Global public-health advocates say wealthy countries need to do far more to help stem the spread of the pandemic. The World Health Organization on Thursday issued a report that fewer than seven million COVID-19 vaccine doses have been administered in Africa thus far. That’s the equivalent of what the U.S. administers in a matter of days.

Mr. Biden did move to have the U.S. contribute financially to the COVAX alliance, backed by non-governmental organizations such as Gavi, the Vaccine Alliance, along with the World Health Organization and Coalition for Epidemic Preparedness Innovations. They will share vaccines with more than 90 lower- and middle-income countries.

From his first days in office, Mr. Biden has set clear – and achievable – metrics for U.S. success, whether they be vaccinations or school reopenings, as part of an apparent strategy of underpromising, then overdelivering. Aides say that exceeding his goals breeds trust in government after the Trump administration’s sometimes-fanciful rhetoric on the virus.

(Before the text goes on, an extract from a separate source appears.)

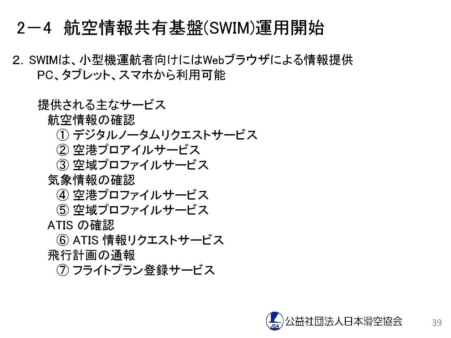 39 2-4 航空情報共有基盤(SWIM)運用開始 2.SWIMは、小型機運航者向けにはWebブラウザによる情報提供 PC、タブレット、スマホから利用可能 提供される主なサービス 航空情報の確認 ① デジタルノータムリクエストサービス ②

The 100-million-dose goal was first announced on Dec. 8, days before the U.S. had even one authorized vaccine for COVID-19, let alone the three that have now received emergency authorization. Still, it was generally seen within reach, if optimistic.

By the time Mr. Biden was inaugurated on Jan. 20, the U.S. had already administered 20 million shots at a rate of about one million a day, bringing complaints at the time that Mr. Biden’s goal was not ambitious enough. He quickly revised it upward to 150 million doses in his first 100 days.

Now the U.S. is injecting an average of about 2.5 million doses each day – and the pace is likely to dramatically rise later this month in conjunction with an expected surge in supply of the vaccines – putting a 200-million-dose goal well within reach.

The President has moved to speed up deliveries of vaccines from Pfizer, Moderna and Johnson & Johnson, as well as to expand the number of places to get shots and people who can administer them, with a focus on increasing the capacity to inject doses as supply constraints lift.

The risk in setting overly rosy expectations is that an administration might become defined by its failure to meet them, such as in May, 2020, when former president Donald Trump said the country had “prevailed” over the virus.

At the time, the country had seen about 80,000 deaths from COVID-19. This week, the U.S. death toll topped 538,000. Mr. Trump’s lax approach and lack of credibility also contributed to poor adherence to public safety rules among the American public.